• Records shown

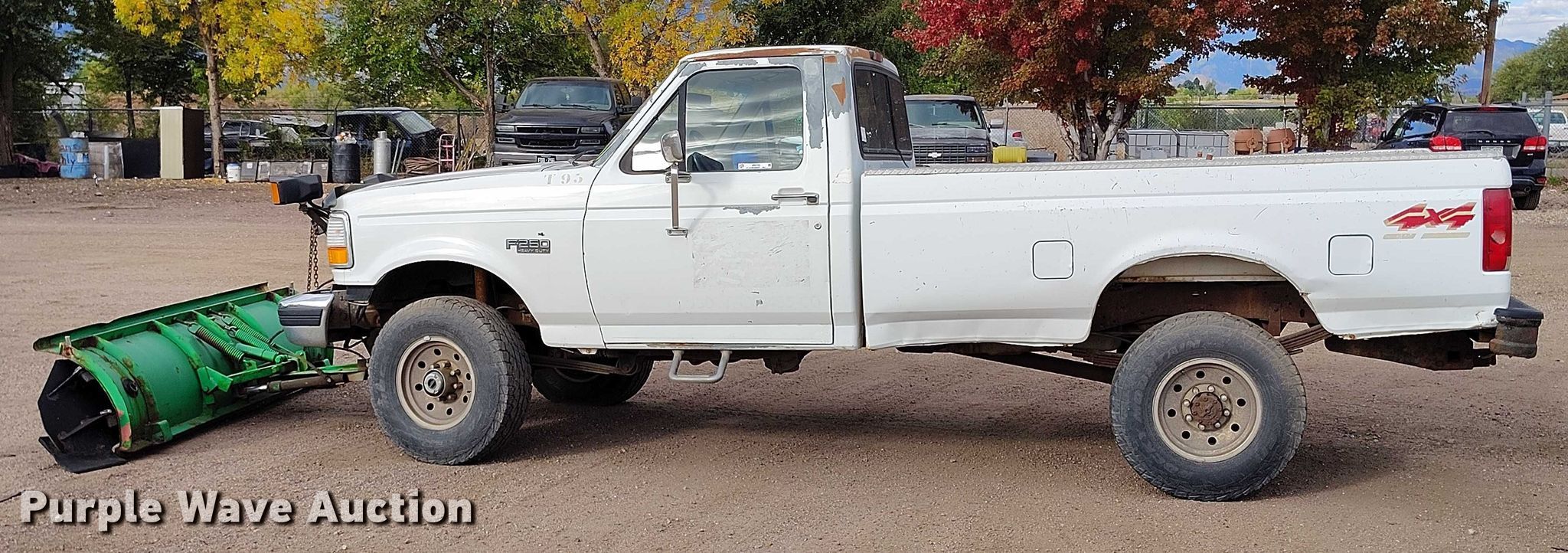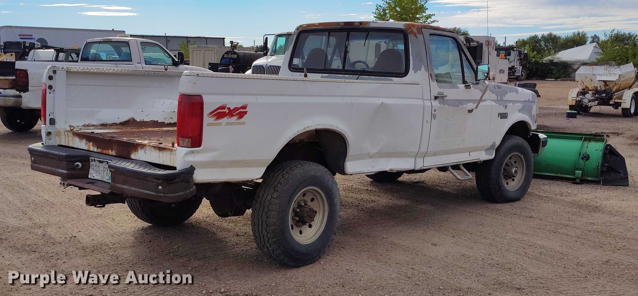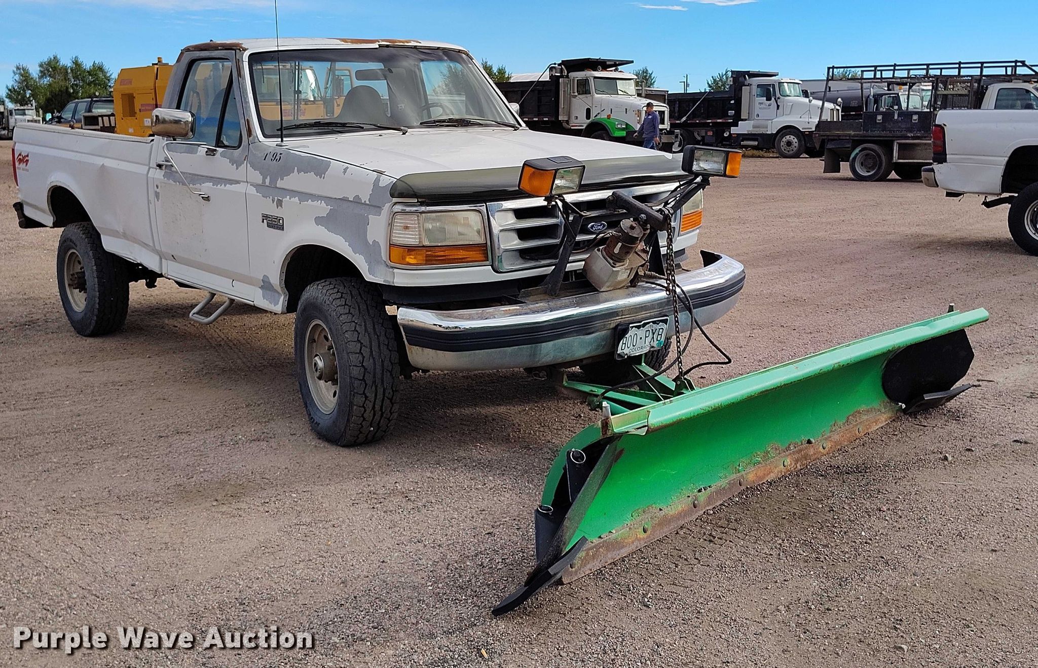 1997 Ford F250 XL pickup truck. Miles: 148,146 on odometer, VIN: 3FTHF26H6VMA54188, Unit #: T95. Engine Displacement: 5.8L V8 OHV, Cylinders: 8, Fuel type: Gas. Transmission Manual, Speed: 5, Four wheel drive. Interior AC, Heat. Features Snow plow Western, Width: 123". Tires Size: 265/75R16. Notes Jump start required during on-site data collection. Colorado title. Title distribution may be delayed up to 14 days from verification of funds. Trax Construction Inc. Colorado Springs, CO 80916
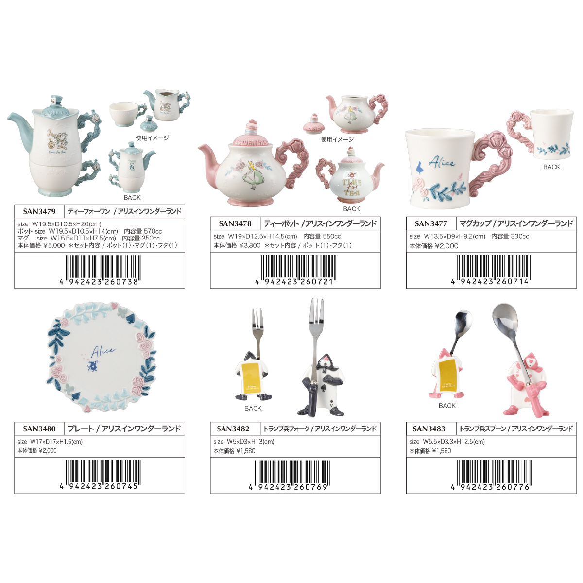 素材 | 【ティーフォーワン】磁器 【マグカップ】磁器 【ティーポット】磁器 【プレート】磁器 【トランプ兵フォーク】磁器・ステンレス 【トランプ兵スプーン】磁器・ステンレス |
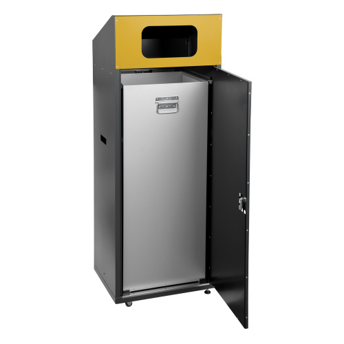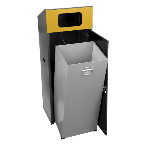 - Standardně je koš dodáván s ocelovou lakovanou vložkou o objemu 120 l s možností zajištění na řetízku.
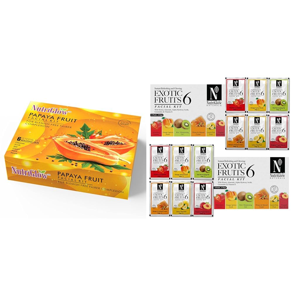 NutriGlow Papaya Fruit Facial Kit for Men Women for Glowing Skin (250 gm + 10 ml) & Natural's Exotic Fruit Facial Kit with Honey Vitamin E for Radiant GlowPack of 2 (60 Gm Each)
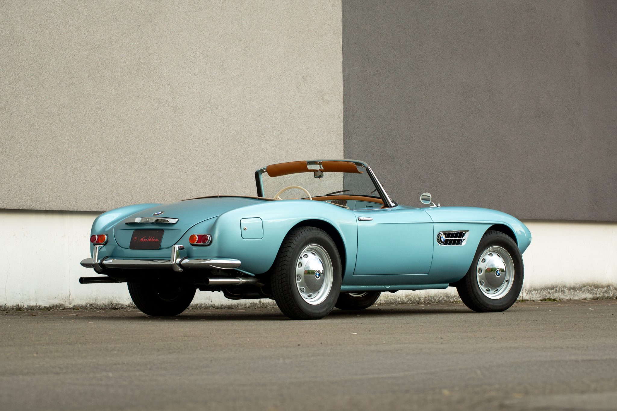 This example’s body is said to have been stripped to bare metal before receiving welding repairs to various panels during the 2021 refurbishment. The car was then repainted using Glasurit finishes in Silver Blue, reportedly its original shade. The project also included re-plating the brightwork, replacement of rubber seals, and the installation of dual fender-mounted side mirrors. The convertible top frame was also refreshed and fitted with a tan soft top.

• What you are asked to do
What you write should match, word for word, the lines from the one containing "素材 | 【ティーフォーワン】磁器" to the end of the listing, with both ends kept and the pictures left out.

• Result of the exercise
 素材 | 【ティーフォーワン】磁器 【マグカップ】磁器 【ティーポット】磁器 【プレート】磁器 【トランプ兵フォーク】磁器・ステンレス 【トランプ兵スプーン】磁器・ステンレス |
 - Standardně je koš dodáván s ocelovou lakovanou vložkou o objemu 120 l s možností zajištění na řetízku.
 NutriGlow Papaya Fruit Facial Kit for Men Women for Glowing Skin (250 gm + 10 ml) & Natural's Exotic Fruit Facial Kit with Honey Vitamin E for Radiant GlowPack of 2 (60 Gm Each)
 This example’s body is said to have been stripped to bare metal before receiving welding repairs to various panels during the 2021 refurbishment. The car was then repainted using Glasurit finishes in Silver Blue, reportedly its original shade. The project also included re-plating the brightwork, replacement of rubber seals, and the installation of dual fender-mounted side mirrors. The convertible top frame was also refreshed and fitted with a tan soft top.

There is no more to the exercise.